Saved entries
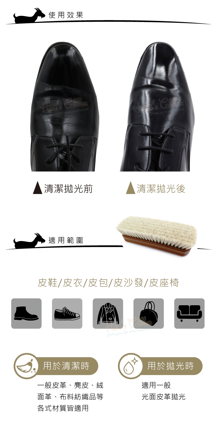 頂級天然山羊毛精細拋光鞋刷,嚴選百分之百純正天然山羊毛,
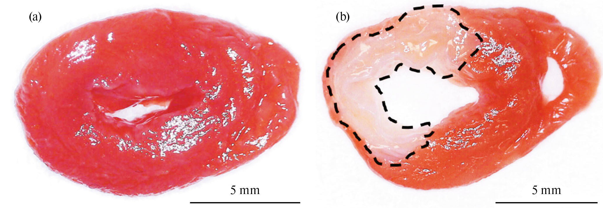 Рис. 2. Срезы сердец ЛО- (а) и ИР-крыс (b), окрашенные раствором трифенилтетразолия хлористого. Пунктиром обозначены границы рубцовой ткани.
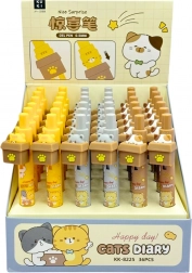 La penna ha una presa comoda, si pianta bene in mano e scrive fluidamente, rendendo l'uso quotidiano un piacere. La maggiore attrazione è il meccanismo a clic: premendo la parte superiore della penna non solo si espelle la cartuccia, ma il gatto si alza dalla scatola. Questa soluzione divertente e funzionale rende ogni scrittura un piacere. I motivi interessanti e i colori pastello fanno della penna un ottimo regalo o parte del corredo scolastico.
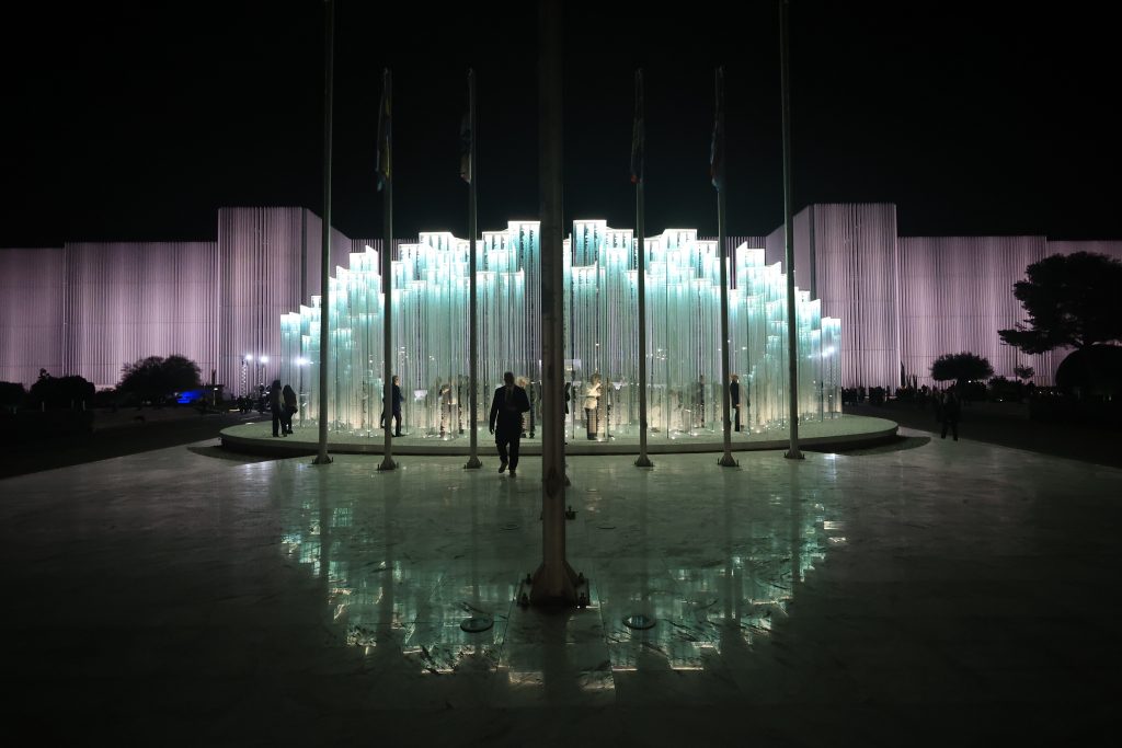 Τα ονόματα «αιωρούνται στον χώρο», ενώ και ο βραδινός φωτισμός των γυαλιών τους προσδίδει ιδιαίτερες χρωματικές ανταύγειες.
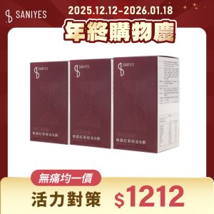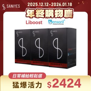 Previous slide Next slide 新品上市 促銷結束 01/16雙12限定✨【三效入手】韓國紅蔘綜合B群+葡萄籽萃取維生素C+高強化維生素D3NT$2,020 NT$1,212 加入購物車促銷結束 01/16雙12限定✨【活力對策】韓國紅蔘綜合B群/3入NT$2,100 NT$1,212 加入購物車促銷結束 01/16雙12限定✨【防禦對策】葡萄籽萃取維生素C /3入NT$2,160 NT$1,212 加入購物車促銷結束 01/16雙12限定✨【穩固加倍】奇蹟胜肽海藻鈣+高強化維生素D3NT$1,900 NT$1,212 加入購物車促銷結束 01/16雙12限定✨纖淨洛神葵奇亞籽果凍(黑醋栗口味)/3入NT$2,880 NT$1,212 加入購物車促銷結束 01/16雙12限定✨【日光對策】高強化維生素D3/3入NT$1,800 NT$1,212 加入購物車促銷結束 01/16雙12限定✨【潤妍對策】金絲燕窩膠原胜肽飲/3入NT$3,600 NT$1,212 加入購物車促銷結束 12/06雙12限定✨【熟齡健康/2組】奇蹟胜肽海藻鈣+美國專利游離型葉黃素NT$5,800 NT$2,424 加入購物車促銷結束 01/16雙12限定✨【青春怦潤/2組】金絲燕窩膠原胜肽飲+專利玄米神經醯胺余甘子NT$5,600 NT$2,424 加入購物車促銷結束 01/16雙12限定✨【循環補給】rTG 85%優質挪威魚油+專利薑黃白腎豆萃取NT$3,700 NT$2,424 加入購物車促銷結束 01/16雙12限定✨【飲控消化/2組】專利薑黃白腎豆萃取+專利秋葵綠茶萃取物(多酚)NT$7,400 NT$2,424 加入購物車促銷結束 01/16雙12限定✨【強悍對策】透納葉複方瑪卡/3入NT$4,500 NT$2,424 加入購物車 熱銷商品 【飲控消化組合】專利薑黃白腎豆萃取+專利秋葵綠茶萃取物(多酚)NT$3,700 NT$2,775 加入購物車雙12限定✨【晶亮對策】美國專利游離型葉黃素/10入促銷結束 01/16NT$16,000 NT$9,000 加入購物車【舒眠對策】GABA芝麻素海水鎂3入NT$5,160 NT$4,025 加入購物車【純淨對策】rTG 85%優質挪威魚油NT$1,600 NT$1,300 加入購物車【舒眠對策】GABA芝麻素海水鎂NT$1,720 NT$1,430 加入購物車雙12限定✨【順暢對策】專利機能益生菌/10入促銷結束 01/16NT$16,000 NT$9,000 加入購物車【純淨對策】rTG 85%優質挪威魚油3入NT$4,800 NT$3,744 加入購物車【穩固對策】奇蹟胜肽海藻鈣NT$1,300 NT$1,080 加入購物車【純淨對策】rTG 85%優質挪威魚油5入NT$8,000 NT$6,000 加入購物車【穩固對策】奇蹟胜肽海藻鈣5入NT$6,500 NT$4,875 加入購物車纖淨洛神葵奇亞籽果凍(黑醋栗口味)NT$960 NT$799 加入購物車【晶亮對策】美國專利游離型葉黃素5入NT$8,000 NT$6,000 加入購物車 專科醫師推薦 推薦商品 SANIYES【順暢對策】 專利機能益生菌 台美日專利菌株 + 專利綜合消化酵素調整體質、幫助消化、排便順暢 瞭解更多 SANIYES【舒眠對策】 GABA芝麻素海水鎂 韓國專利授權GABA + 日本芝麻素幫助入睡好眠配方!多項輔助複方升級 瞭解更多 推薦商品 SANIYES【順暢對策】專利機能益生菌 台美日專利菌株 + 專利綜合消化酵素,調整體質、幫助消化、排便順暢。 SANIYES【舒眠對策】GABA芝麻素海水鎂 韓國專利授權GABA + 日本芝麻素,幫助入睡好眠配方!多項輔助複方升級。 推薦商品 SANIYES【順暢對策】專利機能益生菌 台美日專利菌株 + 專利綜合消化酵素,調整體質、幫助消化、排便順暢。 SANIYES【舒眠對策】GABA芝麻素海水鎂 韓國專利授權GABA及日本芝麻素,幫助入睡好眠配方!多項輔助複方升級。 會員招募 健康YES 怎麼挑益生菌?關鍵重點有哪些?為什麼要選膠囊的? 近幾年「益生菌」在市場上非常熱門,不只許多學術論文… 閱讀全文 膠原蛋白怎麼吃?為何要選擇添加維生素C的膠原蛋白飲? 您同樣也是常常會留意自身肌膚狀況的 「愛美族」嗎?… 閱讀全文 GABA 是什麼呢?為何 GABA 能幫助入睡? 你也有半夜數羊數不完的經驗嗎?現代社會工作壓力大… 閱讀全文
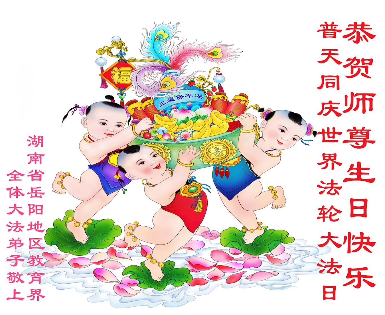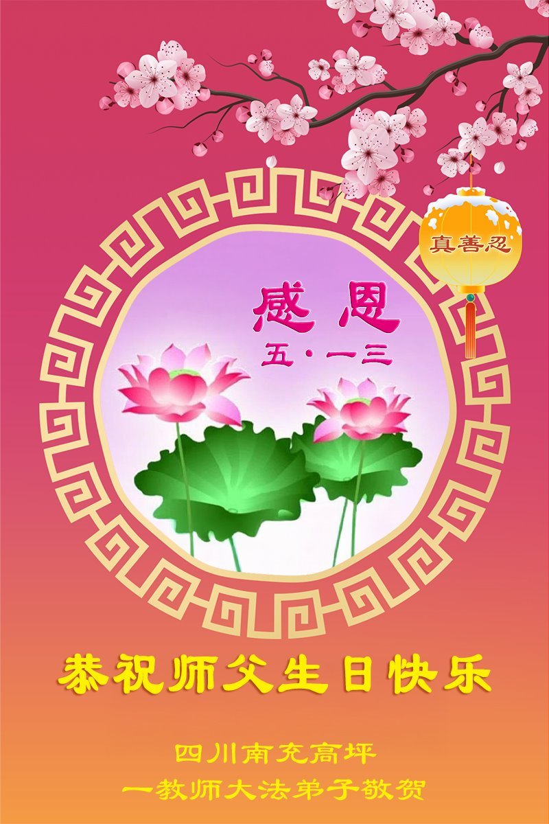 Izrazili su zahvalnost Učitelju Liju što im je predstavio Falun Dafu i što ih je vodio i štitio na njihovim putevima kultivacije. Poželeli su mu srećan rođendan i zavetovali se da će se čvrsto kultivisati i probuditi savest još ljudi da budu dostojni Učiteljevog mukotrpnog spasenja.
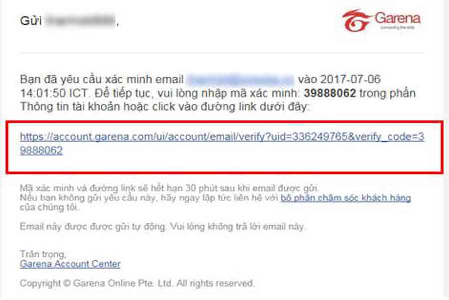 Bước 6: Sẽ có một Email Garena được gửi đến hòm thư, các bạn hãy truy cập vào hòm thư và mở lên.
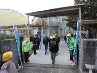 2学期最後の今日、登校時間にあわせて、地域の多くの方々によるあいさつ運動が行われました。
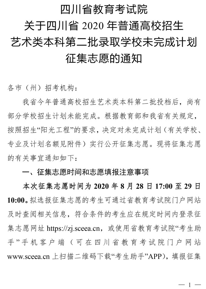 关于四川省2020年普通高校招生艺术类本科第二批录取学校未完成计划征集志愿的通知
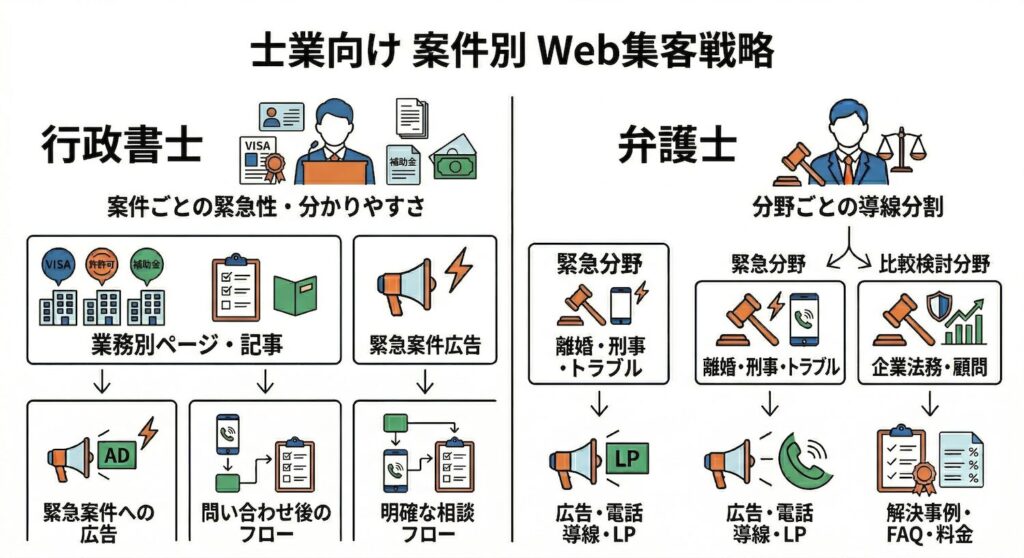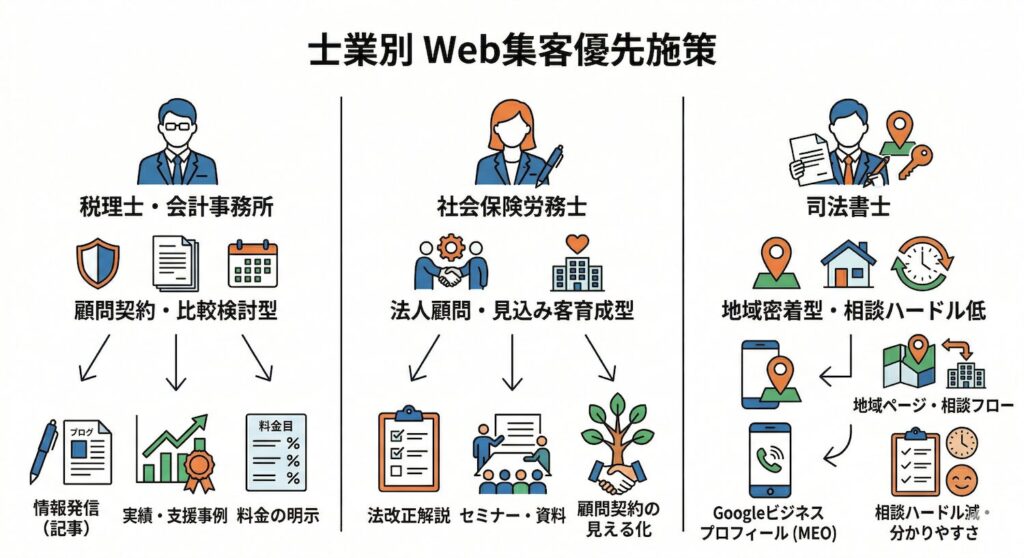 このように、士業のWeb集客は「どの資格か」だけで考えると浅くなります。

→ YOUR INSTRUCTIONS:
Please repeat every record exactly, leaving the pictures out.

→ SOLUTION:
 頂級天然山羊毛精細拋光鞋刷,嚴選百分之百純正天然山羊毛,
 Рис. 2. Срезы сердец ЛО- (а) и ИР-крыс (b), окрашенные раствором трифенилтетразолия хлористого. Пунктиром обозначены границы рубцовой ткани.
 La penna ha una presa comoda, si pianta bene in mano e scrive fluidamente, rendendo l'uso quotidiano un piacere. La maggiore attrazione è il meccanismo a clic: premendo la parte superiore della penna non solo si espelle la cartuccia, ma il gatto si alza dalla scatola. Questa soluzione divertente e funzionale rende ogni scrittura un piacere. I motivi interessanti e i colori pastello fanno della penna un ottimo regalo o parte del corredo scolastico.
 Τα ονόματα «αιωρούνται στον χώρο», ενώ και ο βραδινός φωτισμός των γυαλιών τους προσδίδει ιδιαίτερες χρωματικές ανταύγειες.
 Previous slide Next slide 新品上市 促銷結束 01/16雙12限定✨【三效入手】韓國紅蔘綜合B群+葡萄籽萃取維生素C+高強化維生素D3NT$2,020 NT$1,212 加入購物車促銷結束 01/16雙12限定✨【活力對策】韓國紅蔘綜合B群/3入NT$2,100 NT$1,212 加入購物車促銷結束 01/16雙12限定✨【防禦對策】葡萄籽萃取維生素C /3入NT$2,160 NT$1,212 加入購物車促銷結束 01/16雙12限定✨【穩固加倍】奇蹟胜肽海藻鈣+高強化維生素D3NT$1,900 NT$1,212 加入購物車促銷結束 01/16雙12限定✨纖淨洛神葵奇亞籽果凍(黑醋栗口味)/3入NT$2,880 NT$1,212 加入購物車促銷結束 01/16雙12限定✨【日光對策】高強化維生素D3/3入NT$1,800 NT$1,212 加入購物車促銷結束 01/16雙12限定✨【潤妍對策】金絲燕窩膠原胜肽飲/3入NT$3,600 NT$1,212 加入購物車促銷結束 12/06雙12限定✨【熟齡健康/2組】奇蹟胜肽海藻鈣+美國專利游離型葉黃素NT$5,800 NT$2,424 加入購物車促銷結束 01/16雙12限定✨【青春怦潤/2組】金絲燕窩膠原胜肽飲+專利玄米神經醯胺余甘子NT$5,600 NT$2,424 加入購物車促銷結束 01/16雙12限定✨【循環補給】rTG 85%優質挪威魚油+專利薑黃白腎豆萃取NT$3,700 NT$2,424 加入購物車促銷結束 01/16雙12限定✨【飲控消化/2組】專利薑黃白腎豆萃取+專利秋葵綠茶萃取物(多酚)NT$7,400 NT$2,424 加入購物車促銷結束 01/16雙12限定✨【強悍對策】透納葉複方瑪卡/3入NT$4,500 NT$2,424 加入購物車 熱銷商品 【飲控消化組合】專利薑黃白腎豆萃取+專利秋葵綠茶萃取物(多酚)NT$3,700 NT$2,775 加入購物車雙12限定✨【晶亮對策】美國專利游離型葉黃素/10入促銷結束 01/16NT$16,000 NT$9,000 加入購物車【舒眠對策】GABA芝麻素海水鎂3入NT$5,160 NT$4,025 加入購物車【純淨對策】rTG 85%優質挪威魚油NT$1,600 NT$1,300 加入購物車【舒眠對策】GABA芝麻素海水鎂NT$1,720 NT$1,430 加入購物車雙12限定✨【順暢對策】專利機能益生菌/10入促銷結束 01/16NT$16,000 NT$9,000 加入購物車【純淨對策】rTG 85%優質挪威魚油3入NT$4,800 NT$3,744 加入購物車【穩固對策】奇蹟胜肽海藻鈣NT$1,300 NT$1,080 加入購物車【純淨對策】rTG 85%優質挪威魚油5入NT$8,000 NT$6,000 加入購物車【穩固對策】奇蹟胜肽海藻鈣5入NT$6,500 NT$4,875 加入購物車纖淨洛神葵奇亞籽果凍(黑醋栗口味)NT$960 NT$799 加入購物車【晶亮對策】美國專利游離型葉黃素5入NT$8,000 NT$6,000 加入購物車 專科醫師推薦 推薦商品 SANIYES【順暢對策】 專利機能益生菌 台美日專利菌株 + 專利綜合消化酵素調整體質、幫助消化、排便順暢 瞭解更多 SANIYES【舒眠對策】 GABA芝麻素海水鎂 韓國專利授權GABA + 日本芝麻素幫助入睡好眠配方!多項輔助複方升級 瞭解更多 推薦商品 SANIYES【順暢對策】專利機能益生菌 台美日專利菌株 + 專利綜合消化酵素,調整體質、幫助消化、排便順暢。 SANIYES【舒眠對策】GABA芝麻素海水鎂 韓國專利授權GABA + 日本芝麻素,幫助入睡好眠配方!多項輔助複方升級。 推薦商品 SANIYES【順暢對策】專利機能益生菌 台美日專利菌株 + 專利綜合消化酵素,調整體質、幫助消化、排便順暢。 SANIYES【舒眠對策】GABA芝麻素海水鎂 韓國專利授權GABA及日本芝麻素,幫助入睡好眠配方!多項輔助複方升級。 會員招募 健康YES 怎麼挑益生菌?關鍵重點有哪些?為什麼要選膠囊的? 近幾年「益生菌」在市場上非常熱門,不只許多學術論文… 閱讀全文 膠原蛋白怎麼吃?為何要選擇添加維生素C的膠原蛋白飲? 您同樣也是常常會留意自身肌膚狀況的 「愛美族」嗎?… 閱讀全文 GABA 是什麼呢?為何 GABA 能幫助入睡? 你也有半夜數羊數不完的經驗嗎?現代社會工作壓力大… 閱讀全文
 Izrazili su zahvalnost Učitelju Liju što im je predstavio Falun Dafu i što ih je vodio i štitio na njihovim putevima kultivacije. Poželeli su mu srećan rođendan i zavetovali se da će se čvrsto kultivisati i probuditi savest još ljudi da budu dostojni Učiteljevog mukotrpnog spasenja.
 Bước 6: Sẽ có một Email Garena được gửi đến hòm thư, các bạn hãy truy cập vào hòm thư và mở lên.
 2学期最後の今日、登校時間にあわせて、地域の多くの方々によるあいさつ運動が行われました。
 关于四川省2020年普通高校招生艺术类本科第二批录取学校未完成计划征集志愿的通知
 このように、士業のWeb集客は「どの資格か」だけで考えると浅くなります。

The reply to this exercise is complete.